Although, students acquired higher grade on average in Applied Calculus
than Calculus-I course (2.63 vs. 2.46). We observe that there is a
difference in average grade points in Statistics course between students
with Applied Calculus and those with Calculus-I prerequisite.
Specifically, in general students perform better in Statistics course
with Calculus-I background than Applied Calculus. For example, those who
took Calculus-I as a prerequisite received an average grade of 3.0 in
Statistics course compared to 2.8 for those who had Applied Calculus.
These results suggest that Calculus-I leads to accumulate quality human
capital in terms preparedness for Statistics course and results in
substantially better performance. This provided the basis to perform
hypothesis test on the differential effect on Statistics course
performance as a result of different calculus background. Since, the
outcome of prerequisite selection has a substantial payoff, it is
important for us to test the hypothesis and identify the prerequisite
that has higher incremental impact on Statistics course performance.
To test the differential effect (if any) due to two different
calculus backgrounds we perform the Chow-test as below. First, we run a
regression for the combined (both Calculus-I and Applied Calculus)
calculus background and the estimated model is:
Regression model (with both Calculus):
[STG.sub.i] = 1.93421 * + 0.35832 * [MATG.sub.i] (4)
* Statistically significant at better than 1% level (see Table-2A)
where, [S.sub.MAT] = sum of squared residuals (combined) = 731.315.

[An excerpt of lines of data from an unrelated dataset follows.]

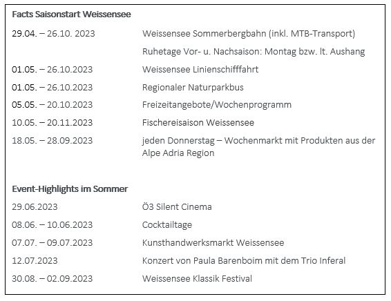 Mit Saisonauftakt am 29. April öffnet die Weissensee Sommerbergbahn als Erste in Kärnten ihre Tore. Besonders MTB-Fans dürfen sich, neben den drei naturbelassenen MTB-Single Trails, auf den kinderfreundlichen Pumptrack und einen lustigen Übungs-parcours an der Bergbahn Talstation freuen. Wanderern bietet der Naturpark neben bewirtschafteten Almen, herrliche Bergpanoramen mit faszinierenden Ausblicken auf das türkisglitzernde Wasser. Ab 01. Mai sticht auch die Weissensee Schifffahrt in See.
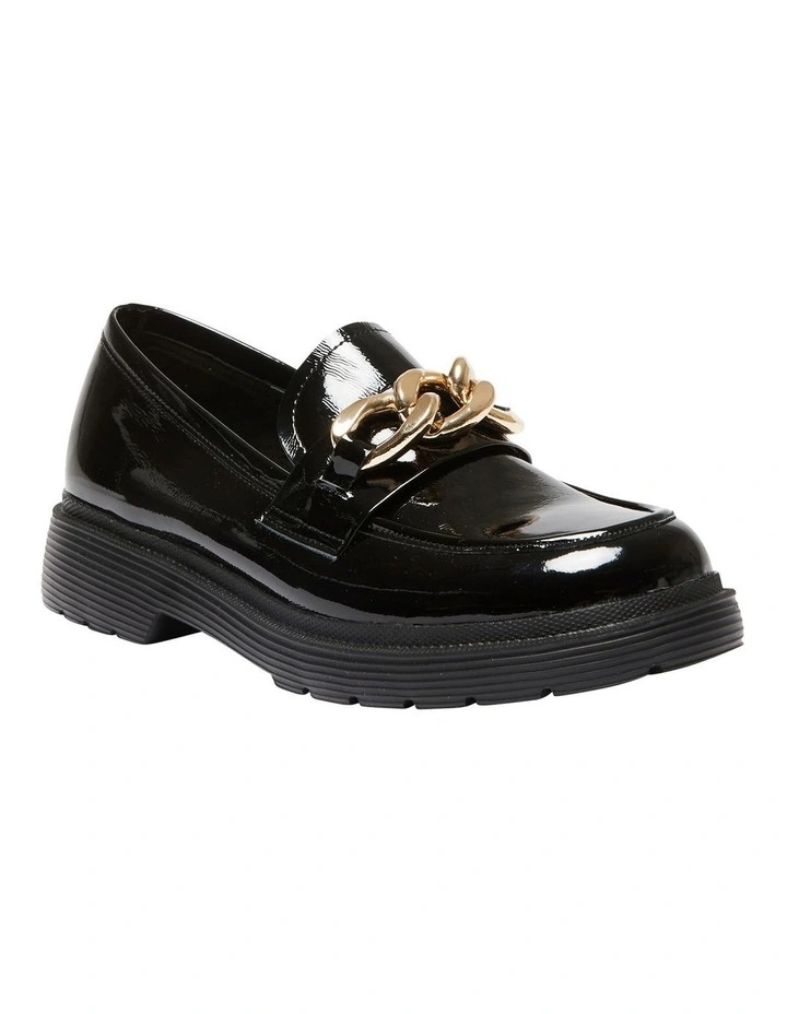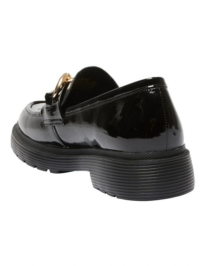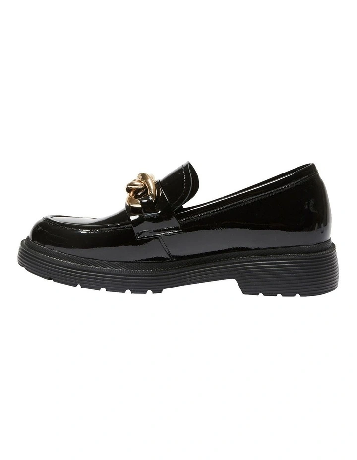 A chic wardrobe staple, ELOISE by Easy Steps combines comfort and versatility in its contemporary loafer silhouette. Elevated by gold-tone chain detailing across the penny strap, it tapers to a slender round toe and rests on a chunky layered sole. Style yours with a sweater and slip skirt for a cosy look.
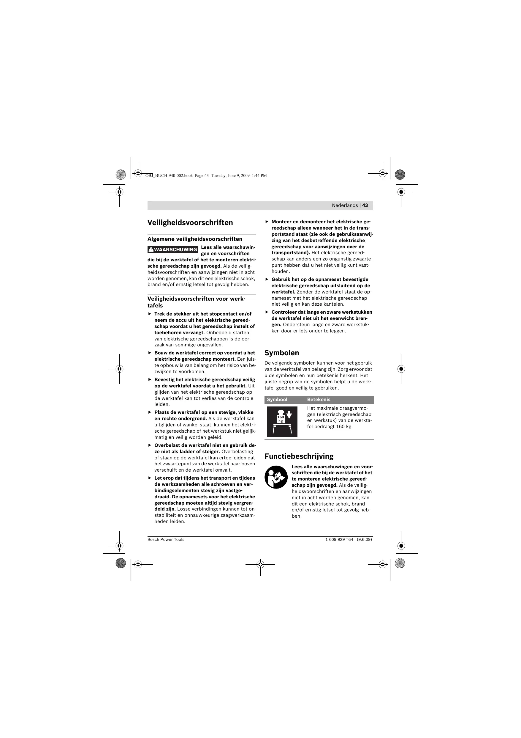 Onderhoud Mocht de werktafel ondanks zorgvuldige fabricage- en testmethoden toch defect raken, moet de reparatie door een erkende klantenservice voor Bosch elektrische gereedschappen worden uitgevoerd. Vermeld bij vragen en bestellingen van vervangingsonderdelen altijd het uit tien cijfers bestaande zaaknummer volgens het typeplaatje van de werktafel.
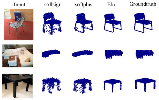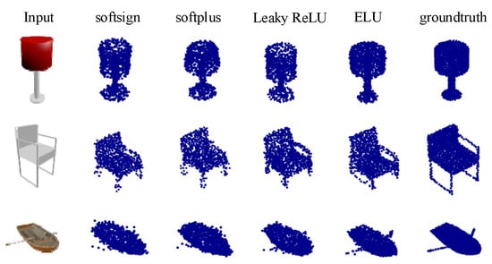 Figure 4 shows the point cloud reconstruction results obtained using different activation functions on the ShapeNet dataset. We can see that the network trained by ELU considers details better and preserves finer geometric information.

Combined estimated regression model above is highly statistically
significant with a positive intercept and slope. This implies if their
performance is better in Calculus then the performance in Statistics
course will also be superior and the rate of increase is about 1/3 of a
grade point (i.e., 0.35832).
Consequently, we run both regression models separately to observe
the difference in the intercept and slope due to different courses as
background knowledge. If no difference exists, then we can postulate that there is no differential effect due to different calculus courses
on the Statistics course performance. Estimated models are provided
below:
Regression model (with Applied Calculus):
[STG.sub.AC,i] = 1.74244 * + 0.40781 * [ACG.sub.AC,i] (5)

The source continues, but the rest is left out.